Versonnen und zugleich bedauernd blickt die alte Frau der davoneilenden jungen Frau nach. Ein bisschen fühlt sie sich von der Aussicht getröstet, dass es demnächst wieder zu einem Gespräch mit ihr kommen könnte. An Gesprächsthemen würde es sicherlich nicht mangeln. Beispielsweise könnten sie sich über das Hin und Her an den Schulen oder über die Situation in den Krankenhäusern unterhalten, in denen Menschen gerade jetzt oft vorzeitig sterben müssen, weil es noch immer nicht genug Personal gibt.
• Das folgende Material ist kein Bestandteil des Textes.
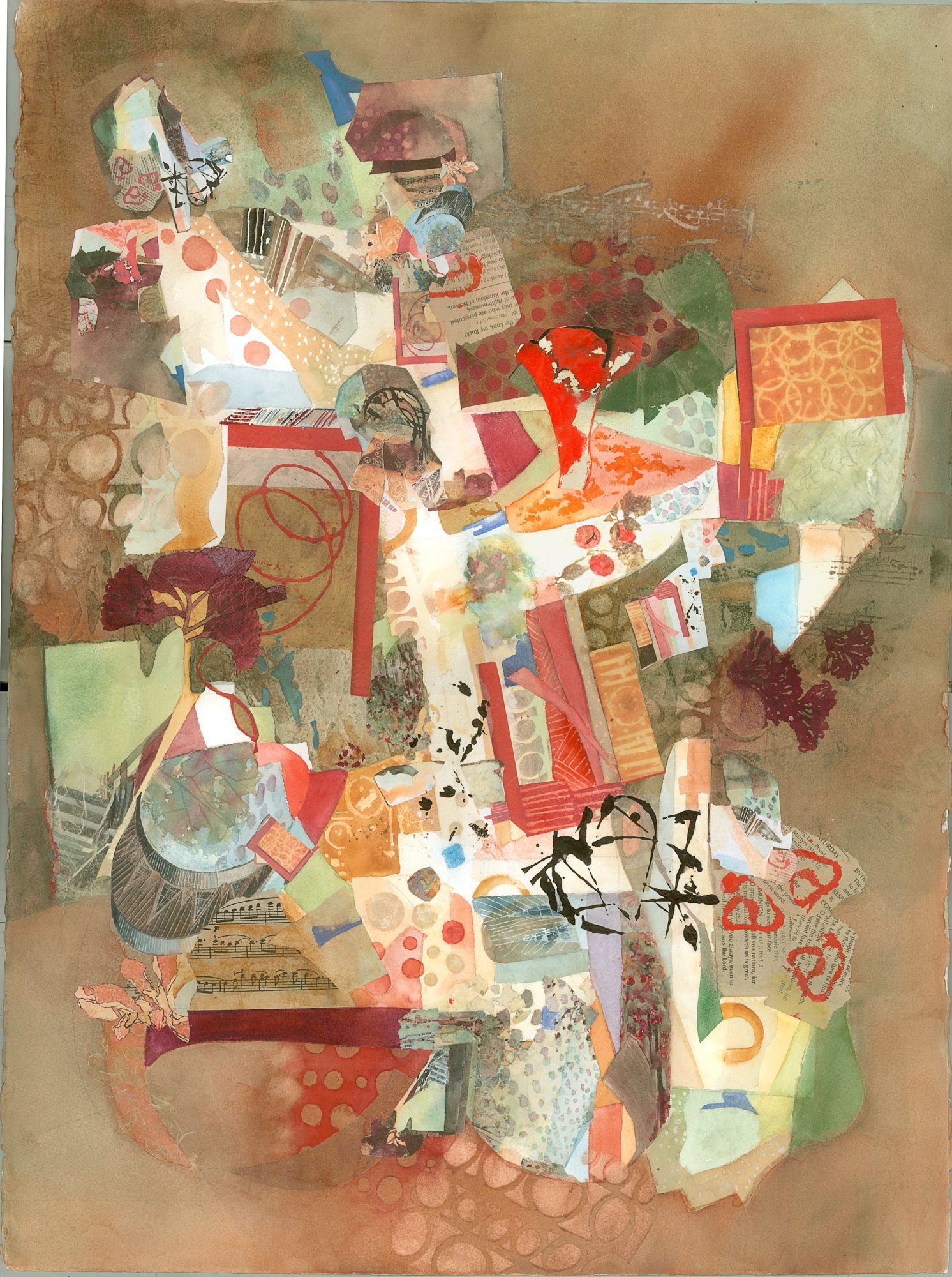 This mixed media piece has watercolor foundations and layers integrating the collage and acrylic on paper. This painting would pair well as a duo with
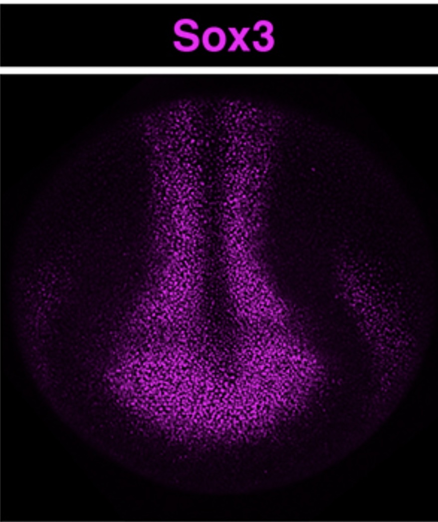 sox3 (SRY-box 3) gene expression in Xenopus laevis embryo, neurula stage NF 17-18, assayed via immunohostochemistry, anterior view, dorsal up.
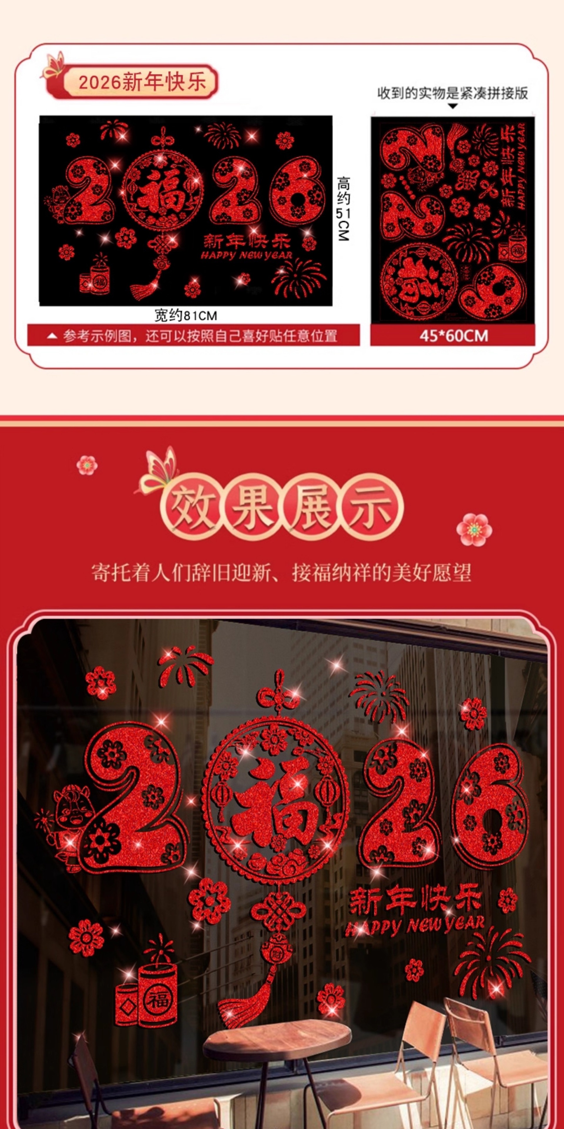 42. new year blessing full hall [electrostatic glitter, double-sided same color]]
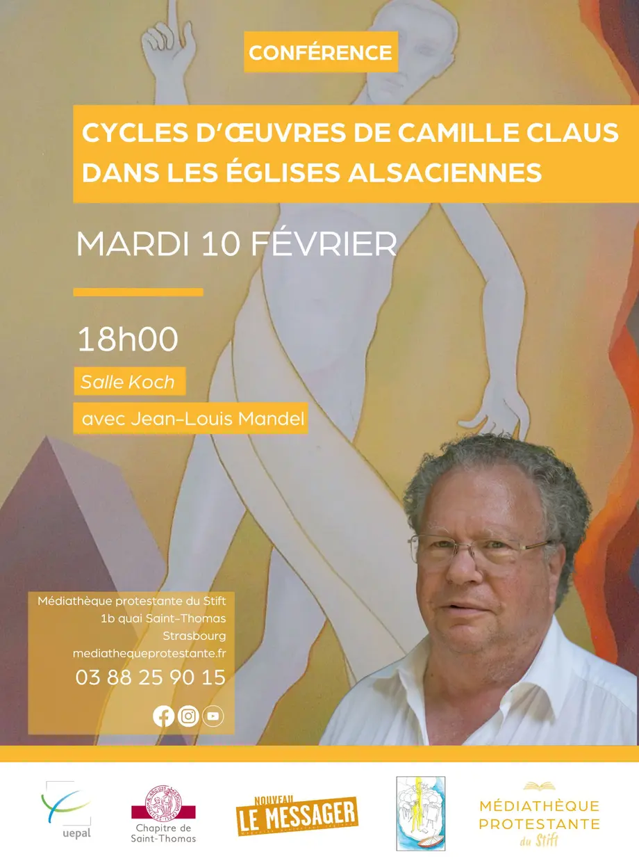 Dans le cadre de l'exposition "Icônes de la présence", la Médiathèque protestante du Stift programme une seconde conférence consacrée à Camille Claus. Animée par Jean-Louis Mandel, grand spécialiste de l’œuvre du peintre alsacien, elle portera plus spécifiquement sur les cycles de toiles peintes par Camille Claus pour des églises, tant protestantes que catholiques, dans le Bas-Rhin.

Und das, setzt die alte Frau ihren Gedanken fort, während sie sich ein wenig mühsam erhebt, dürfte mit den verdammten Privatisierungen zusammenhängen, bei denen, wie sie aus eigener Erfahrung weiß, zugunsten höherer Gewinne immer zuerst am Personal gespart wird. Aber wer kann diesen ganzen Wahnsinn noch aufhalten, fragt sie sich und zuckt resignierend mit den Schultern. Doch dann fällt ihr plötzlich die WHO-Geschichte wieder ein. Das wäre doch ein Hammer, wenn die Sache mit dem dort ganz anders eingeschätzten Lockdown wirklich stimmen sollte!
Ganz beflügelt von diesem Gedanken, setzt die alte Frau ihren Nachhauseweg fort. Sie nimmt sich vor, so schnell wie möglich ihren Neffen anzurufen, damit dieser die Geschichte für sie im Internet überprüft. Und wenn eine Bestätigung kommt, denkt die alte Frau jetzt ganz kampfeslustig weiter, werde ich dafür sorgen, dass alle meine Nachbarn und Bekannten davon erfahren.